The better way, and not a fantasy-driven way, to explain your stand is merely to tell people that you don’t drink. Your close friends–and most of us, if we are blessed, have two or three people who are truly lifelong friends, with all the rest being acquaintances–will appreciate and respect you. The rest–those who move in and out of our lives–probably won’t understand, much as they might be close minded about people who are slightly different. Why bother with them?
In 2011, a former student of McCarthy’s asked in a letter for help finding a job or paid internship for his summer break from Oberlin College & Conservatory, in Oberlin, Ohio. McCarthy’s response:
…As you don’t need to be told, Washington is packed every summer with interns. And as you DO need to be told, the word intern has French origins–meaning “slave.” Internment camps.
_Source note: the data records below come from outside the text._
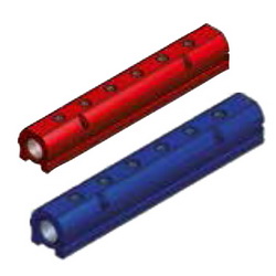 Aluminiumblöcke blau und rot eloxiert bzw. Edelstahl blank zum übersichtlichen Aufbau von
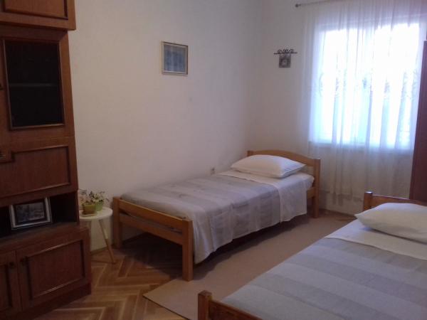 Apartamento totalmente amueblado en una zona tranquila de Kastel Luksic, lugares a lo largo de la costa a medio camino entre Split y Trogir, cuya antigua ciudad protegida por la UNESCO, y cerca de Solin (Salona antigua). El apartamento está situado en una casa de familia y es la única unidad de alojamiento que se alquila. Dispone de 2 habitaciones (la primera cama de la habitación doble, posibilidad de instalar una cama de niño, 2ª habitación con 2 camas individuales), sala de estar, cocina, comedor, cuarto de baño y una agradable terraza a la sombra de los árboles frutales. Puede utilizar la parrilla. El apartamento tiene su propia cubierta interior y aparcamiento de forma gratuita. Se necesita un poco menos de 10 minutos a pie del mar y de la estación de tienda de comestibles, restaurantes, bancos, oficinas de correos y autobús. Sobre el libre acceso inalámbrico a Internet, aire acondicionado, TV, radio-CD, lavadora, secador de pelo, plancha, ropa de cama, toallas ... El propietario vive en el primer piso y en cualquier momento está disponible.
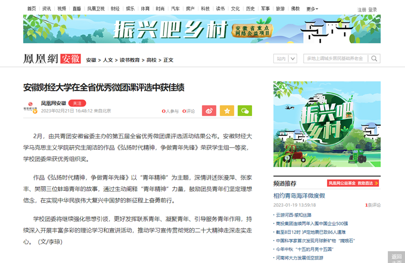 2月21日,凤凰网以《乐竞在线注册在全省优秀微团课评选中获佳绩》为题,报道我校在第五届全省优秀微团课评选活动中喜获佳绩。
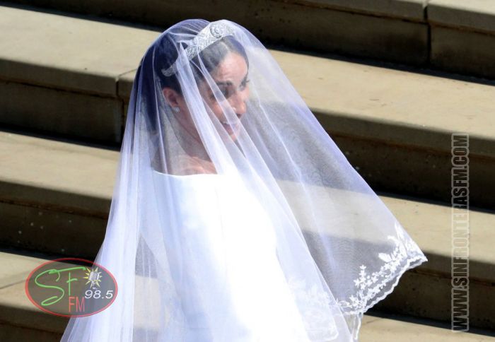 Markle, de 36 años, lleva un elegante y sobrio vestido blanco y un largo velo sujetado por una tiara, que ha sido diseñado por la británica Clare Waight Keller, de la casa francesa Givenchy.
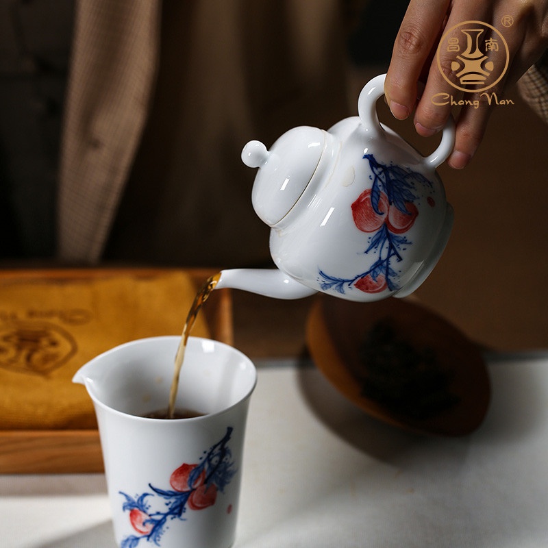 青花釉下彩“多福多壽”茶具套組
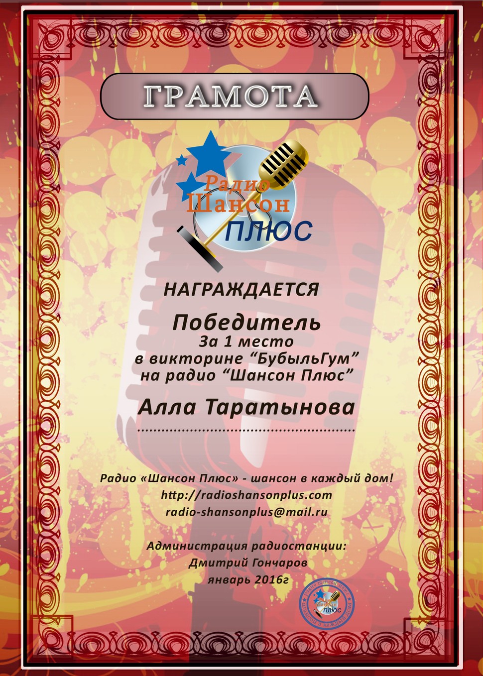 От всей души поздравляем победителей! Желаем им здоровья, счастья и новых побед в конкурсах и викторинах радио "Шансон Плюс".

I’d advise staying clear of a summer slavery. But I do know of some well-paying jobs: outdoors, four or five hours a day, plenty of socializing, plus physical exercising. What job? Caddying.
Where? The top choices are the Chevy Chase Club, which is closest to your home, and a bit further away, Columbia Country Club, Burning Tree Golf Club and Congressional Country Club. The current rate for carrying two bags is $80–in cash which means no taxes taken out, unless you want taxes taken out to oil America’s war machine…
Looping at Chevy Chase would expose you to two worlds, the one of WASP high-breds and the one of nonpedigrees where caddies orbit, spinning around suns and moons of their own making: some as down-and-outs, a few as drifters who can’t or won’t hold regular jobs. Listen and learn from them. It will be far more than what you’d pick up shuffling papers with interns on K Street. You could ask Oberlin to give you three credits for your summer course in Advanced Sociology.
In 2012, a student of McCarthy’s wrote a letter explaining the benefits of playing football, a sport that McCarthy opposes on account of its violence. McCarthy’s response:
It goes without saying, but I’ll say it anyway. I appreciate the time you took to offer your thoughts on your enjoyment of playing football and what it has done for you. Nothing you wrote makes me doubt this. At the same time, though, everything you say–football “teaches you accountability. Responsibility. Determination. It teaches you how to work hard,” it “prepares you for life,” “you receive what you put in”–could as easily be said about playing on the high school soccer team or baseball team. True, those are different games but it’s certainly plausible that just as many high school soccer or baseball players could make the same claims for their sport as you do for yours….
It’s not accidental that football is the country’s most favored sport, and invading other nations to maim or kill people is our most favored way of settling disputes. It’s no accident either that veterans of the National Football League are now filing negligence suits against the owners of their former teams for injuries the way veterans of wars in Iraq and Afghanistan are seeking legal relief for their injuries. The battlefields of football and the battlefields of war zones lead to similar Post-Traumatic Stress Disorders. It can be argued that no one is forced to play football and no one is forced to join the military. Perhaps, but it has to be wondered why so few players in the NFL come from Ivy League or Little Ivy colleges and why so few soldiers in Iraq and Afghanistan are from those schools.